I managed to do this in Python with Playwright, and a seperate JavaScript file that playwright can just read in and then run:
main.py
import os
from playwright.sync_api import sync_playwright
def get_storyboard_urls(video_id):
# Load javascript
script_path = os.path.join(os.path.dirname(__file__), 'storyboard_extractor.js')
with open(script_path, 'r') as f:
js_code = f.read()
# Run playwright
with sync_playwright() as p:
browser = p.chromium.launch(headless=True)
page = browser.new_page()
try:
page.goto(f"https://www.youtube.com/watch?v={video_id}")
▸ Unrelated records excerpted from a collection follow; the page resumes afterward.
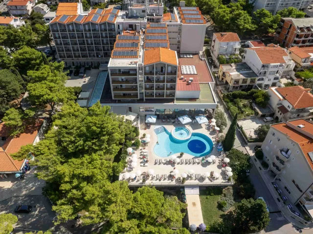Hotel Horizont je situovaný v borovicovom háji, približne 200 metrov od centra letoviska Baška Voda a v blízkosti promenády.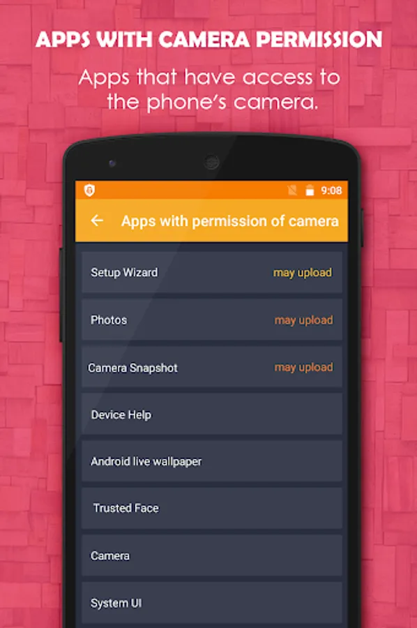 This app uses the Device Administrator permission. Within Device Administrator it uses the "Disable Cameras" security policy to protect phone cameras.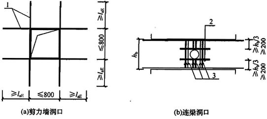 图 7.2.27 连梁配筋构造示意 注:非抗震设计时图中 laE 取 la。 7.2.28 剪力墙开小洞口和连梁开洞应符合下列规定: 1 剪力墙开有边长小于 800mm 的小洞口、且在结构整体计算中不考虑其影响时,应在洞口上、下和左、右配置补强钢筋,补强钢筋的直径不应小于 12mm,截面面积应分别不小于被截断的水平分布钢筋和竖向分布钢筋的面积(图 7.2.28a); 2 穿过连梁的管道宜预埋套管,洞口上、下的截面有效高度不宜小于梁高的 1/3,且不宜小于 200mm;被洞口削弱的截面应进行承载力验算,洞口处应配置补强纵向钢筋和箍筋(图 7.2.28b),补强纵向钢筋的直径不应小于 12mm。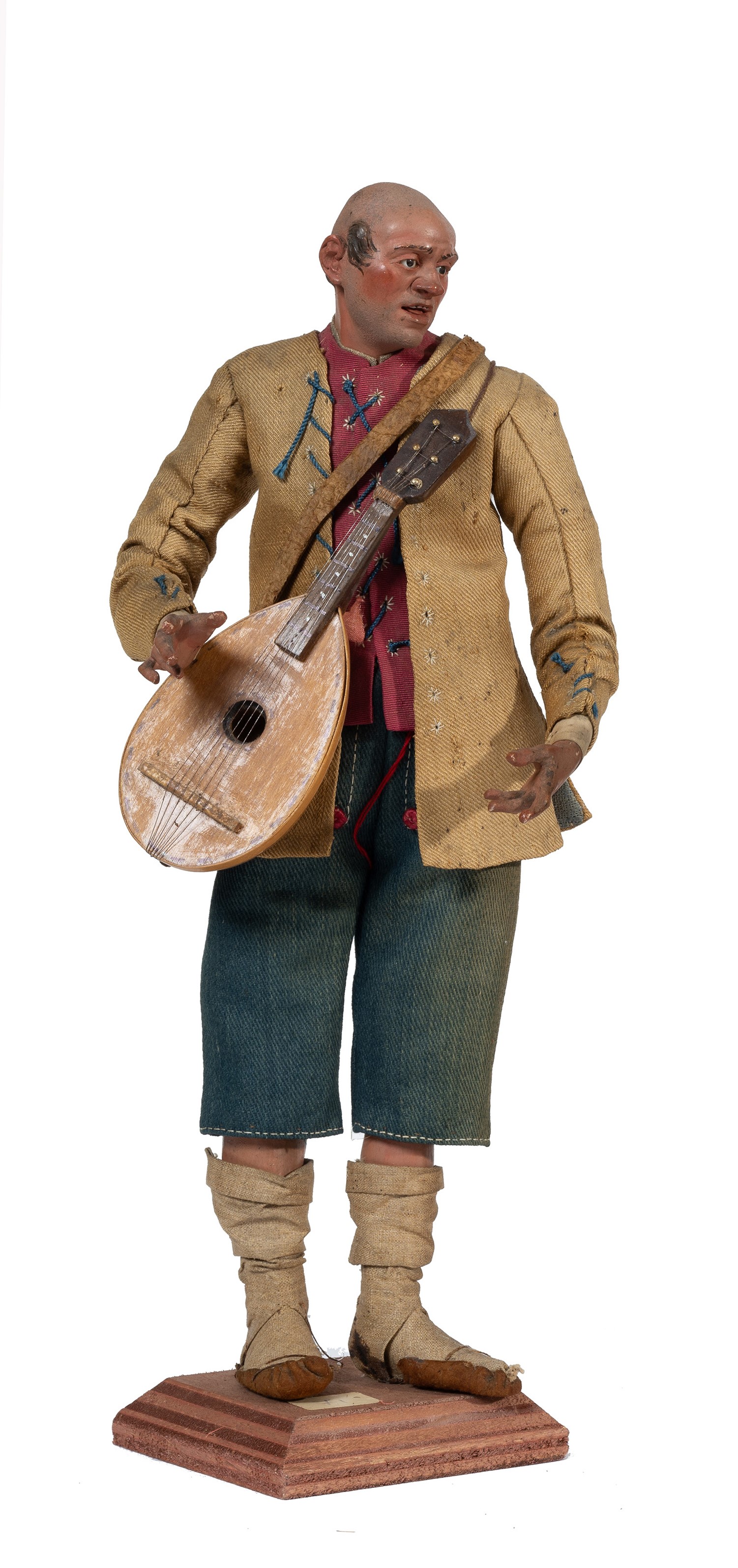 Giacca ocra, panciotto rosso, braghe blu e ciocie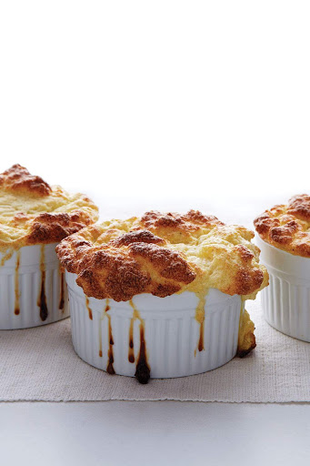 Heat oven to 375°. Grease four 8-oz. ramekins with butter and coat with parmesan; place on a baking sheet and chill. Cook cauliflower in salted boiling water until tender, 4–6 minutes. Drain and transfer to a food processor. Add goat cheese, nutmeg, 3 eggs, salt, and pepper; purée until smooth. Transfer to a large bowl; chill until ready to use. Whip egg whites into stiff peaks in a bowl; in batches, fold whites into cauliflower purée and divide between prepared ramekins. Bake until golden and puffed, about 30 minutes.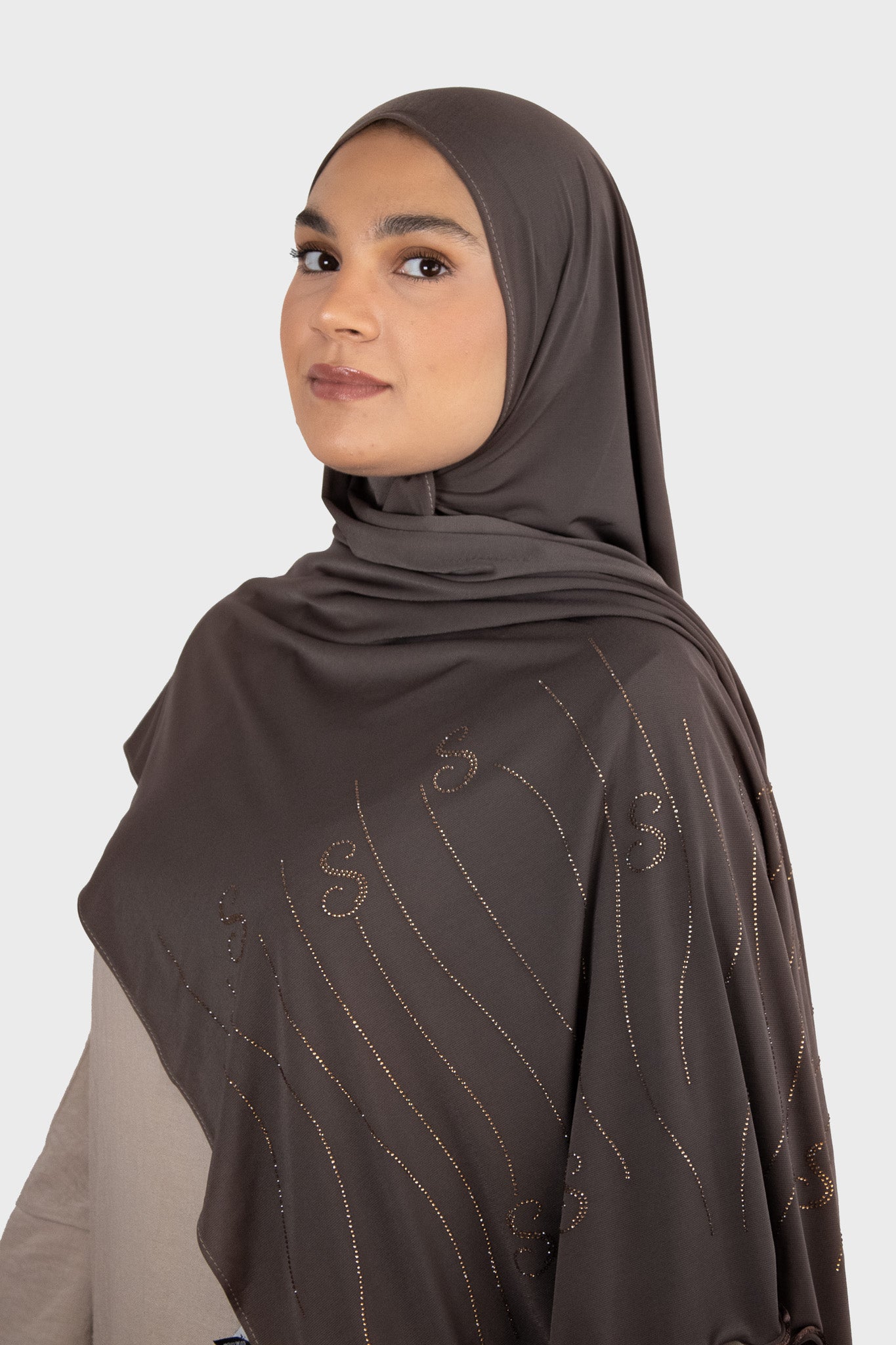 Le voile jersey premium avec strass allie élégance et originalité avec son tissu jersey premium doux et confortable. Son design unique se distingue par un grand « S » placé près de la finition, représentant la signature de Saphir Boutique. Le détail en zigzag apporte une touche d'originalité, tandis que les perles en forme de vagues viennent sublimer le voile. Léger et fluide, il offre un confort optimal tout en rehaussant votre tenue d’un détail chic et contemporain.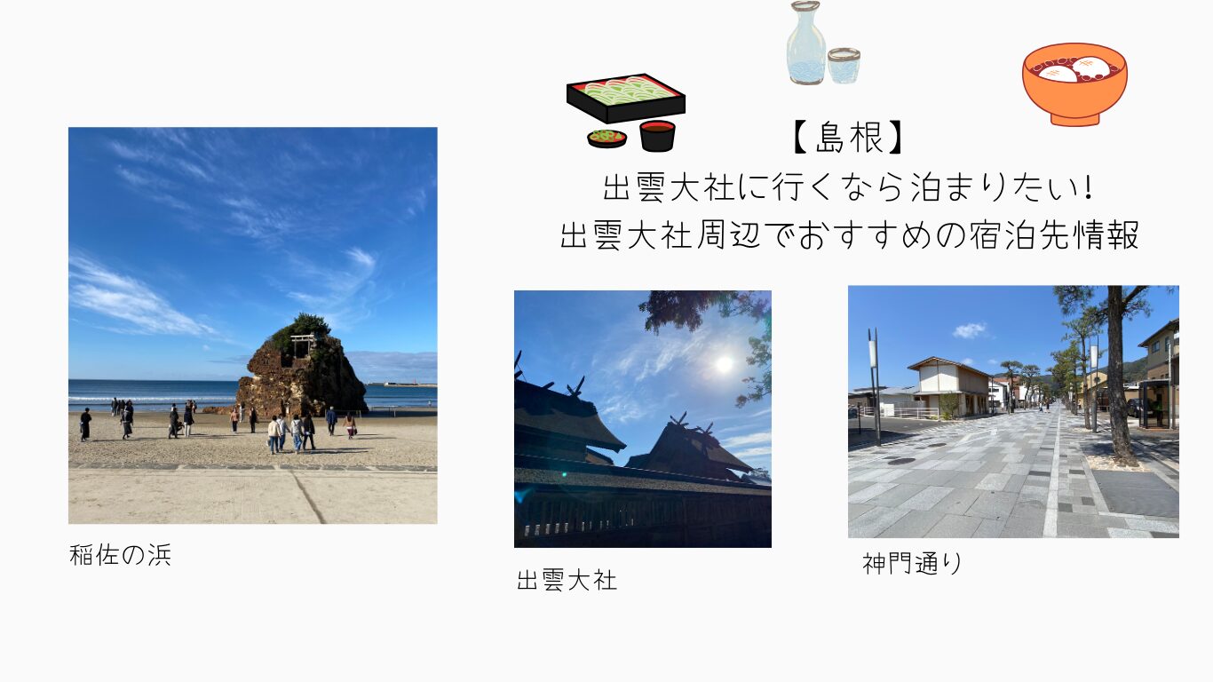 出雲大社に宿泊すれば、「出雲大社」「島根県立古代出雲歴史博物館(2026年9月までは耐震改修工事のため休館中)」「稲佐の浜」「日御碕神社」「日御碕灯台」「島根ワイナリー」などを観光するのに便利です。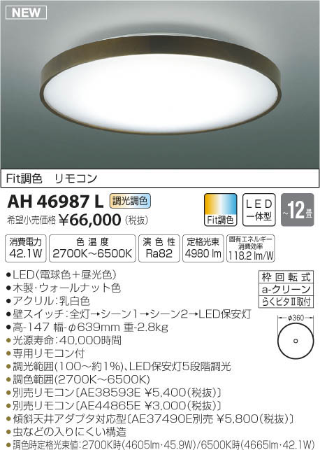 | 補足・注意事項 | ◆消費電力:42.1W ◆色温度:2700K ◆演色性:Ra82 ◆光源寿命:40,000時間 ◆専用リモコン付 ◆調光範囲(100~約1%)、LED保安灯5段階調光 ◆調色範囲(2700K~6500K) ◆別売リモコン〔AE38593E \5,400(税抜)〕 ◆別売リモコン〔AE44865E \3,000(税抜)〕 ◆傾斜天井アダプタ対応型〔AE37490E別売 \5,800(税抜)〕 ◆虫などの入りにくい構造 ◆調色時定格光束値:2700K時(4605lm・45.9W)/6500K時(4665lm・42.1W) ※色温度:2700K~6500K |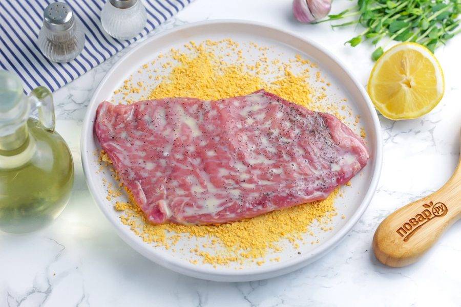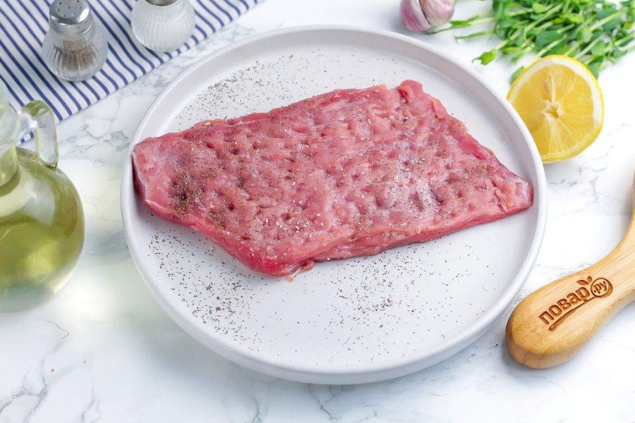 Обязательно посолите и поперчите отбитое мясо. Можно присыпать и другими специями, пряностями мелкого помола. Крупный помол исключите, так как он подгорит.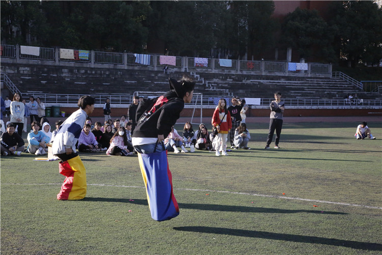 本次活动内容丰富,趣味性和合作性强,包含巨人脚步、袋鼠接力跳、拔河、跳长绳等有趣的项目。巨人脚步项目考验着学员们的团结与合作潜力,选手们整齐有力的口号声、观众的呐喊声和欢呼声,将青春的快乐尽情绽放!袋鼠接力跳项目的比赛异常激烈,参赛学员们一个个精神抖擞,队友们都随着比赛的进程加油鼓励,场面十分热闹。拔河比赛使运动会达到了高潮,啦啦队的欢呼一浪高过一浪。最后的跳长绳中,哨声一响,纤绳摇动,舞出风声,学员们像空中跳跃的精灵,展现出自己的英姿。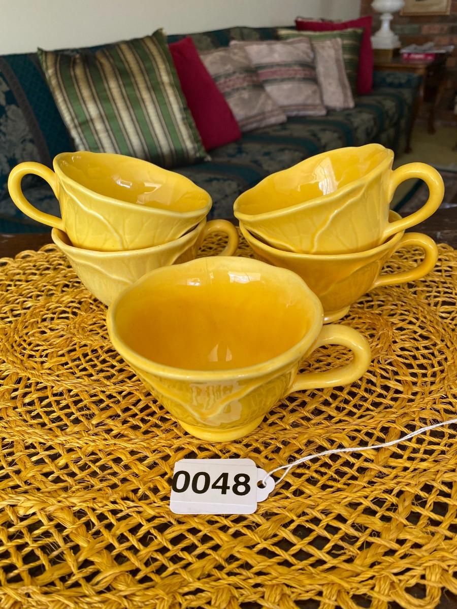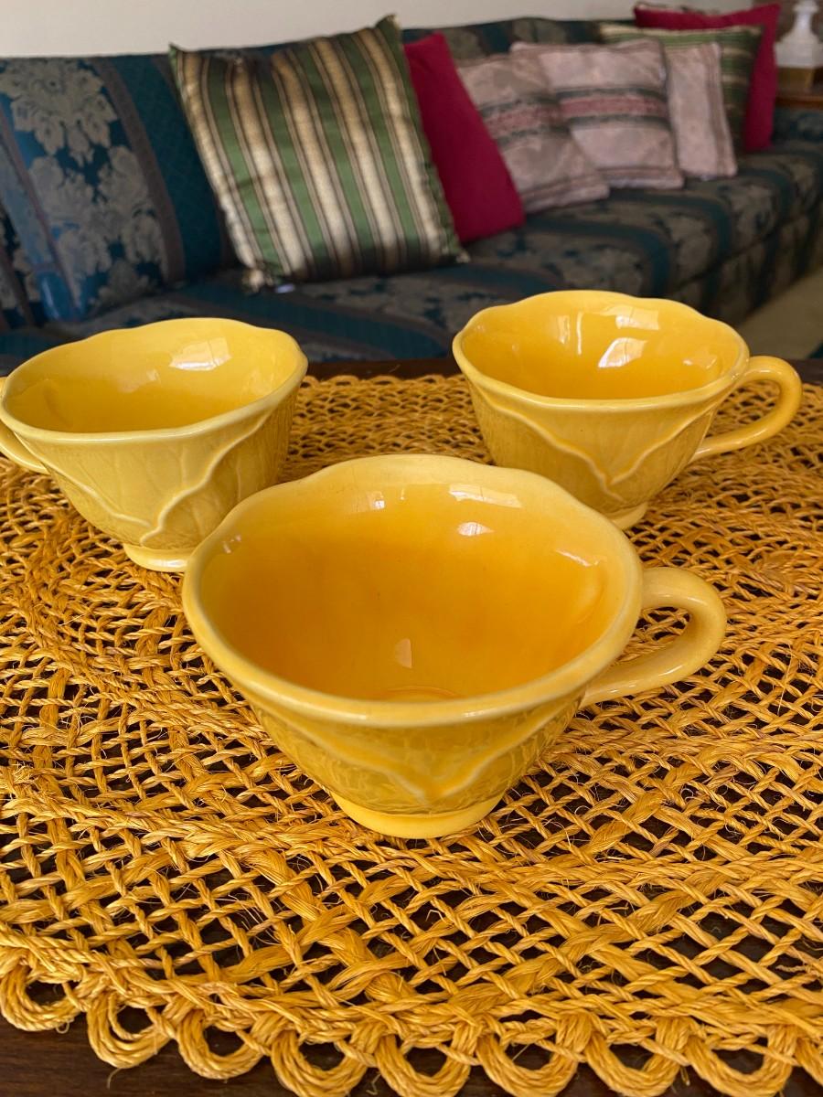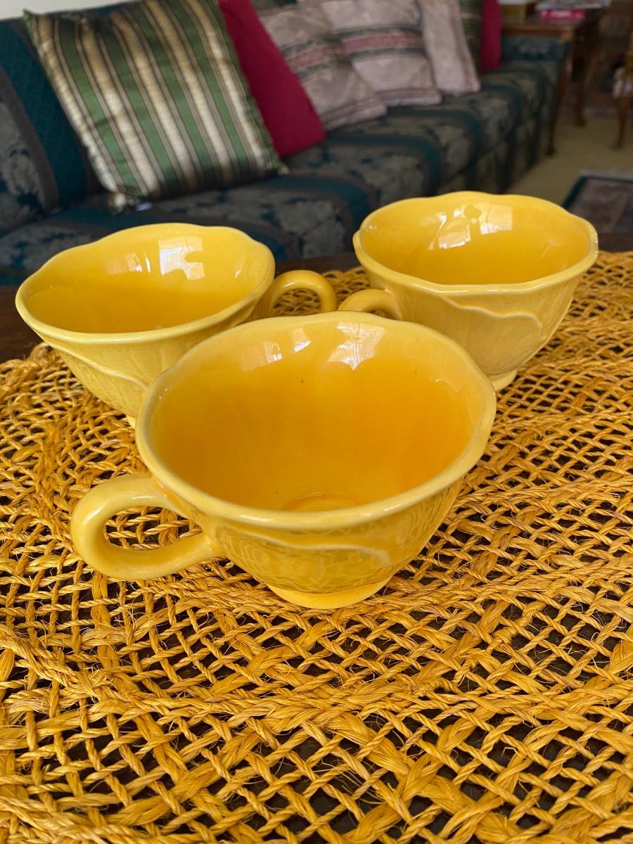 Vintage Metlox Yellow Coffee Cups Lotus Leaf Design

storyboard_urls = page.evaluate(js_code)
if storyboard_urls is None or storyboard_urls == "":
raise ValueError(f"Failed to fetch storyboard URL for {video_id}\nValue returned: {storyboard_urls}")
return storyboard_urls
except Exception as e:
print(f"Error fetching storyboard URL: {e}")
raise e
finally:
browser.close()
get_storyboard_urls("nr0RPVvKWDI")
storyboard_extractor.js - a bit more detail in this answer
// This script extracts the storyboard URLs from a YouTube video page
() => {
// Storyboard Get
const resp = ytplayer.config.args.raw_player_response;
const storyboards = resp.storyboards;
const specRend = storyboards.playerStoryboardSpecRenderer;
const spec = specRend.spec;
const parts = spec.split("|")
const base_n = (n) => parts[0].replace('L$L/$N',`L${n}/M0`);
const signs = parts.map(p => p.split("rs$")[1]).filter(p => !!p).map(p => "rs%24" + p);
// Output
urls = []
for (let i = 0; i < signs.length; i++) {
let url = `${base_n(i)}&sigh=${signs[i]}`
urls.push(url)
}
return urls
}